Streams, Pages and inline actions🔗

My tool should be able to adapt to at least two frames of mind: sometimes, there's a need to quickly get a note down or 'stream' thoughts from mind to page. In this situation, the tool should ideally get out of the way and pose as little interruption as possible to getting those thoughts on the page!

At other times, collecting nicely-polished notes together is desirable and I wouldn't mind putting some time into organisation. In this situation, the tool should give options to 'cultivate' a structured repository of information.

For the first case, I came up with the concept of a 'Stream' (although if it seems sensible, it would be possible to have multiple of them). A Stream is just a chronologically-ordered list of entries (small rich text documents). It's intended for off-the-cuff journalling. The application should let you enter commands as you write an entry, so that e.g. you can easily schedule a reminder for yourself, without needing to even take your hands off the keyboard or leave the Stream at all.

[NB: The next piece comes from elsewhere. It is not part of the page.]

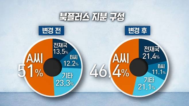 A씨가 지분 51%를 인수한 직후인 지난해 7월 전재국 씨 보유 주식 수가 늘어나면서 A씨 지분율을 50% 아래로 떨어뜨렸기 때문입니다.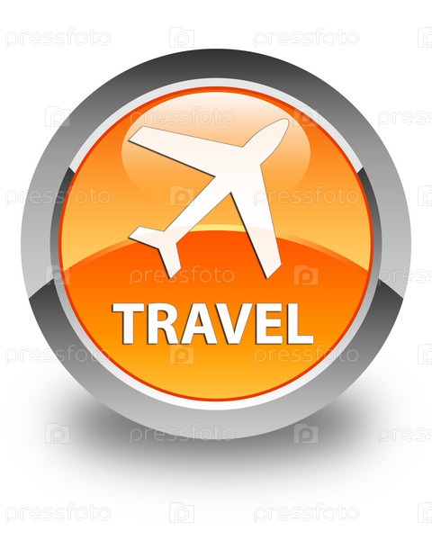 Путешествие (икона самолета) блестящая оранжевая круглая кнопка

So far, I have /reminder (aliased as /r) which lets you schedule a reminder, potentially recurring, using plain English 'syntax'. See:

Video demonstrating its use:

When you're not making rapid-fire notes, the tool should let you write to a hierarchical tree of note Pages. These can be navigated to like Zim's pages. They have a (required!) slot for a page title and they are intended for me to come back to time and time again.

Screenshot of a Page: Screenshot of a page about the btrfs filesystem

Search... everything!🔗

A tool like this would benefit from good search to be useful. It's tempting to take this one step further and pull in extra sources of information to be indexed.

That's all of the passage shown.